Much of what was discovered and proved by Yoffe has now become part of ABC of physics. The great future of semiconductors is a generally recognized fact. Many industries in the Soviet Union are based on semiconducting elements. Photoelectric elements controlling the operation of rolling mills are used as quality checks. A new branch of industry — helio engineering — has come into being.
Semiconductors are widely used in practical farming.

Yoffe noticed that semiconducting elements may serve equally well as sources of heat and cold. Semiconductor refrigerators have been developed. In our age, semiconductors mark a new stage in the history of physics, a stage linked with the name of Academician Yoffe who was posthumously awarded the Lenin Prize for theoretical and experimental research into the properties of semiconductors and for evolving the theory of thermo-electric generators.

DIALOGUE

A group of students are having practical training in the laboratory of semiconductors. The demonstrator asks the students about the properties and uses of semiconducting materials.

Demonstrator: Comrade Ivanov! Can you tell me what a semiconductor is?

Ivaоnоv:          Certainly, I can. A semiconductor is a substance that conducts electricity with the 

                        help of electrons, but less effectively than metals do, yet much better than

                        insulators.  Hence the name — "Semiconductors".

Demonstrator: Name, some semiconductors, please.

Student:           These are all the minerals, many chemical elements  and  metals.

Demonstrator: And what about chemical and organic compounds?

Student:           Many chemical and organic compounds are semiconductors too.

Demonstrator: What properties do minerals and crystals possess?

Student:            As far as I know their conductivity increases with heating and falls with cooling.

Demonstrator:  Is it the only property you know of?

Student:            Sorry, I've forgotten to mention their sensitivity to light too. For the chemical

                         properties of germanium may change under the action of light.

Demonstrator:  And radiation as well, is it not so?

Student:            Of course, it is,

Demonstrator:  Can you tell me anything about the application of semiconductors?

Student:            Semiconductors play an important part in very many fields of industry and

                         engineering. They are so widely used now that it is difficult to mention all their 

                         applications.

Demonstrator:  Still name some of them, please!

Student:            Semiconductors are used for transforming light and heat energy into electrical 

                         energy, They can generate heat or cold from electricity.

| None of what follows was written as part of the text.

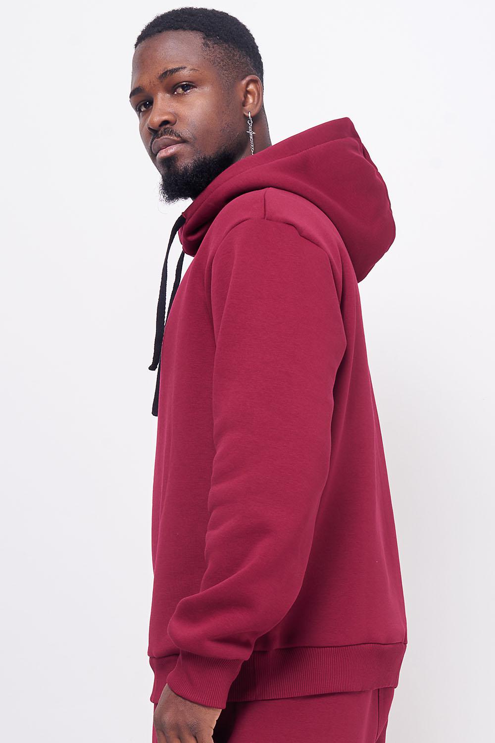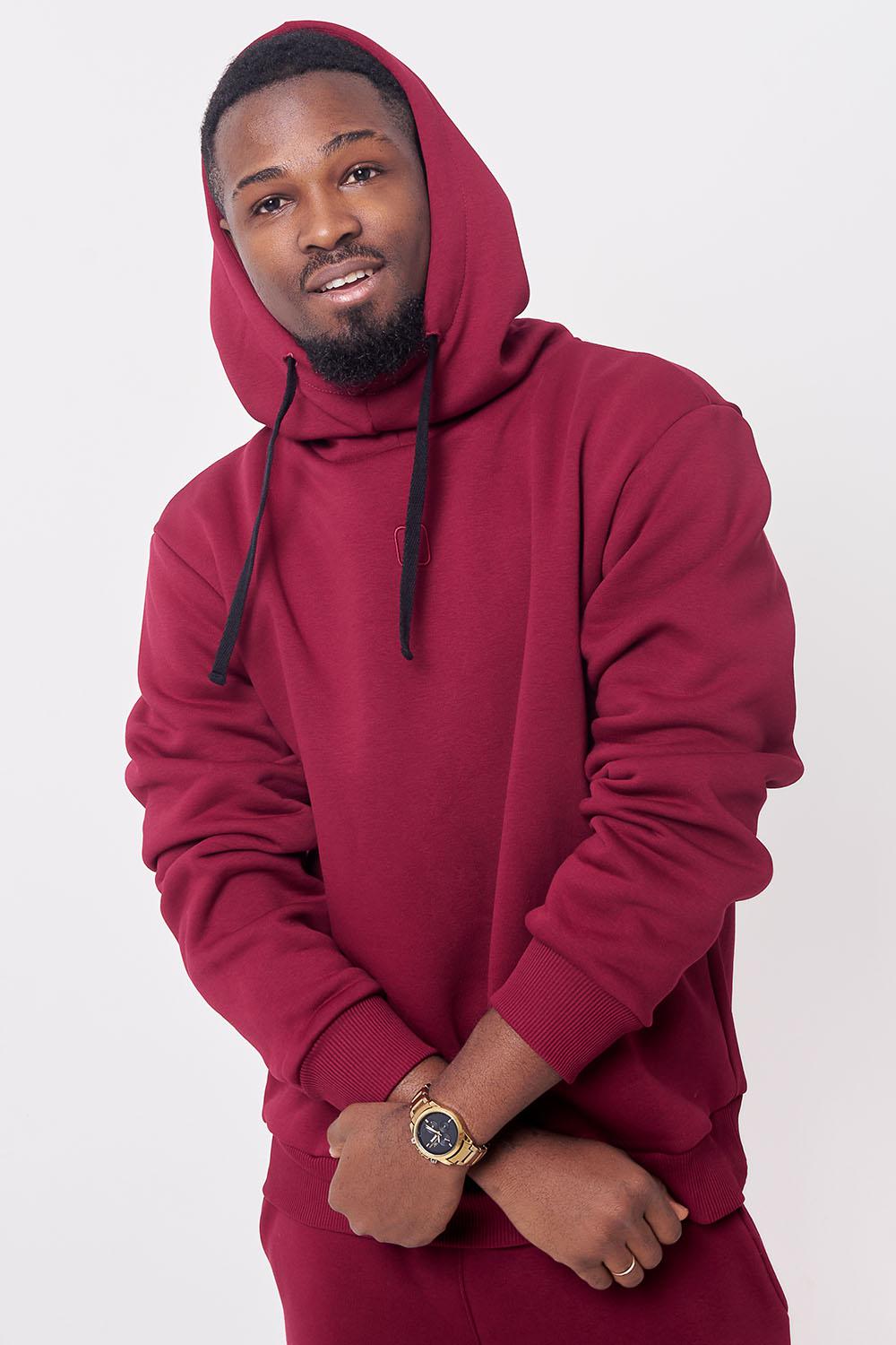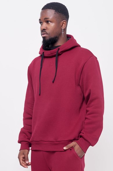 Худи мужской повседневный, спортивного стиля из тёплой ткани (футера тринитки с начёсом). Манжеты рукавов и планка по низу изделия выполнены из ткани-компаньена (кашкорсе) в цвет основной ткани. Худи с двойным капюшоном с кулисой по краю и шнурком внутри. Внутренний капюшон из контрастного вискозного трикотажного полотна. Капюшон служит вместо воротника-шарфа, укрывая от ветра и холода. На переде вышивка-логотип в цвет ткани.

Besides, semiconductors 

                         are used for reproduction of sounds, for transmission of signals, automatic control,

                         for switching on engines.

Demonstrator: That'll do.

EXERCISES

I.        Read the following words:

a)  with the stress on the first syllable: interest, area, promise, formulate, organise, generous, solar, ordinary, operate, local, element;

b) with the stress on the second syllable: success, efficiency, declare, develop, research, assosiate, enable, tremendous, preliminary, award, absorb, improve;

c)  with the stress on the last syllable but one: scientific, electric, fantastic,  fundamental.

II.         Pick upsynonymical pairs out of the following list of words:

to attain, investigation, since, to convert, to utilize, huge, sufficient, to demand, common, to regulate, ordinary, to achieve, research, significance, as, branch, to observe, to transform, to make use of, tremendous, enough, to require, usual, to control,

III.         Pick up antonymical pairs out of the following list of words;
early, narrow, low, to rise up, complex, to send, to find, absence, late, wide, high, to lower, to receive, to look for, simple, presence.

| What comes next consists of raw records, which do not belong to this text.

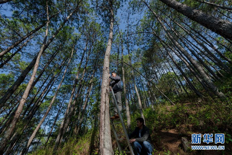 羅康(上)在哀牢山的松樹林里安裝人工鳥巢(12月12日攝)。 新華社記者 胡超 攝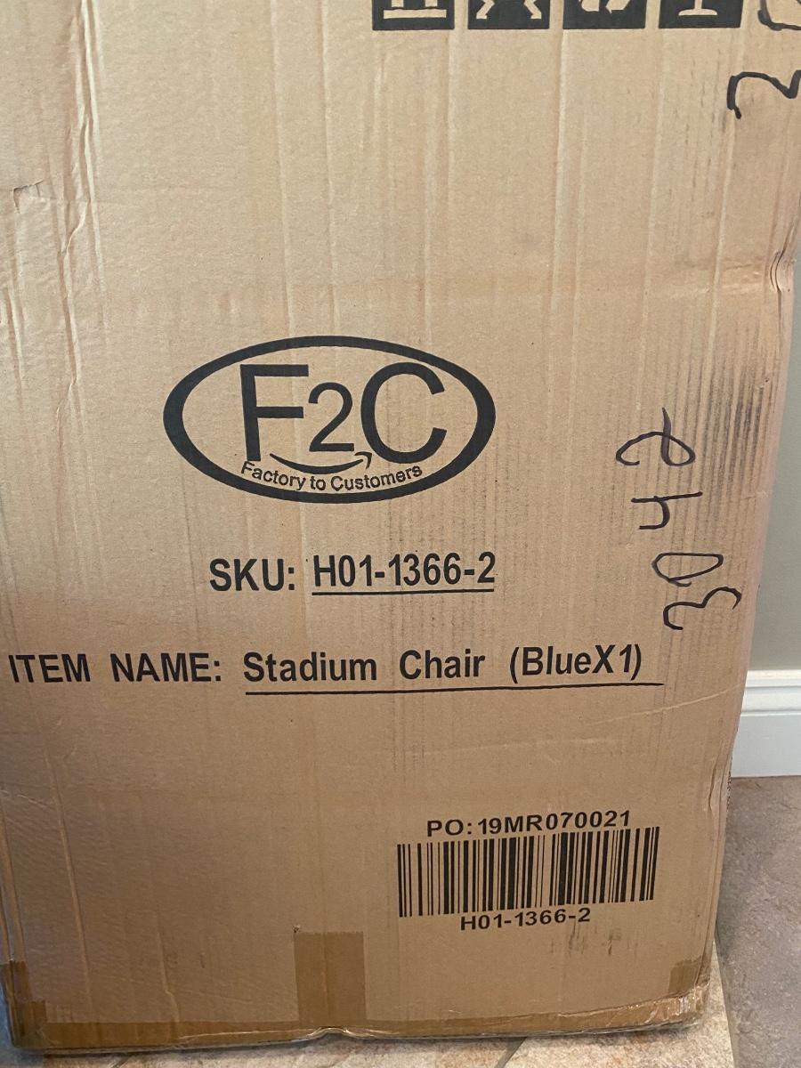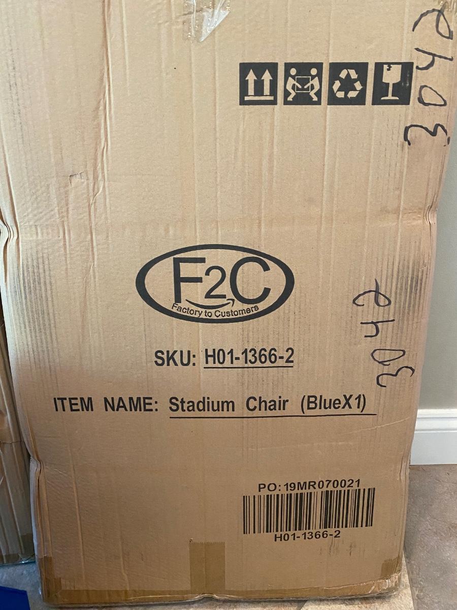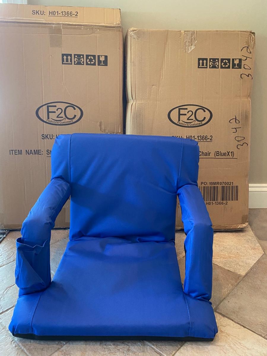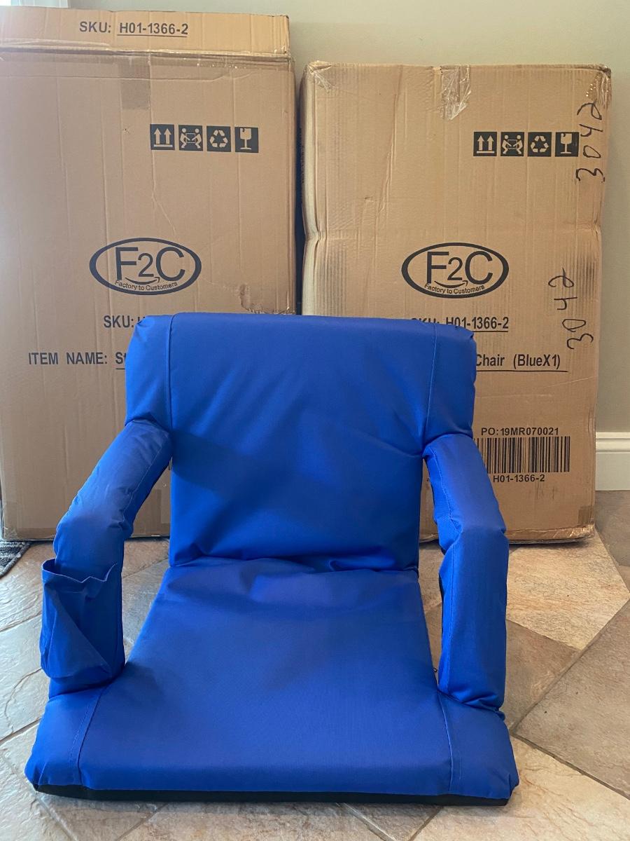 Pair of two stadium chairs. One chair is new in unopened box. Chairs are lightweight and sit on bleachers for comfort. Please see all pictures as they are the best representation of the items. The pictures show condition, measurements if taken, and what is included in the lot. Due to the large amount that we photograph and the time frame, we are not always able to take measurements. All items unless noted, are pre-owned and have been used. If you purchased furniture, you must bring help. We do not allow one person to carry large furniture out on their own. Bring help, tools and a truck for the safety of our client’s homes, and your personal safety. Any damages that result to the property including walls, and floors due to moving of the furniture will be charged to the buyer. Company policy. Thank you.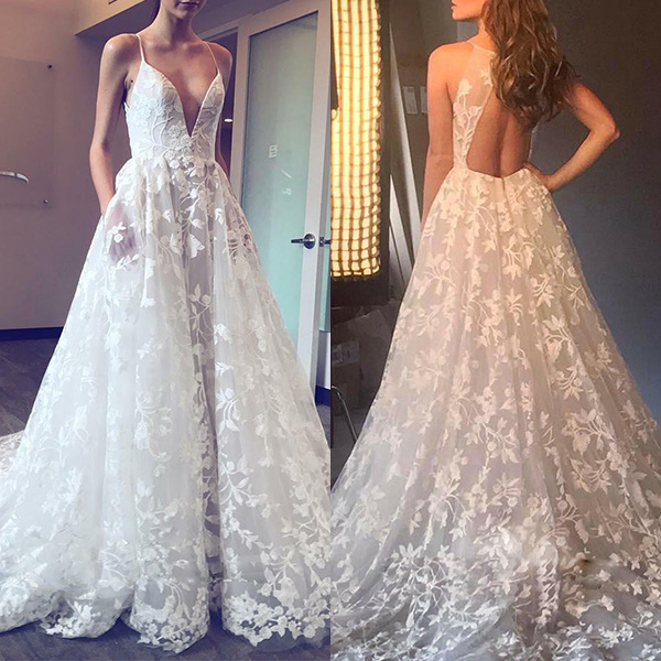 Every girl needs a sexy and feminine dress in her closet to take her to fancy events like wedding receptions and holiday parties, and this lace dress would be a good choice. Sling style,with backless,deep v-neck and a floor-length hem,this dress is the key for a sexy and alluring party look!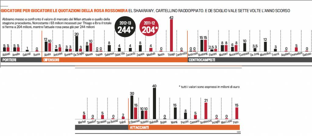 CALCIOMERCATO MILAN ROSA ATTUALE GALLIANI – Abbiamo ancora in mente la grande contestazione dei tifosi del Milan per le cessioni importanti di Thiago Silva e Zlatan Ibrahimovic, entrambi sono stati ceduti in estate al Psg. Sembrava l’inizio di una stagione davvero orribile per il Milan e invece le cose sono cambiate completamente perché Allegri ha saputo reagire alle difficoltà presentando un Milan giovane e pimpante. Oggi la rosa del Milan ha un valore economico decisamente più importante rispetto a quella dell’anno scorso. Perché El Shaarawy ha raddoppiato il proprio valore di mercato perché De Sciglio oggi vale sette volte il prezzo dello scorso anno. Galliani ci ha visto giusto un’altra volta.

IV.        Read the dialogue. Learn the parts of the demonstrator and the student.

V.        Put questions to the text.

VI.        Choose one of the topics below and prepare to talk about it:

I. Academician A. F. Yoffe and his scientific activity. 2. The. theory of semiconductors at that time. 3. Academician Yoffe's' views upon scientific research . 4. The problem of direct conversion of solar energy into electricity. 5. The use of semiconductors nowadays.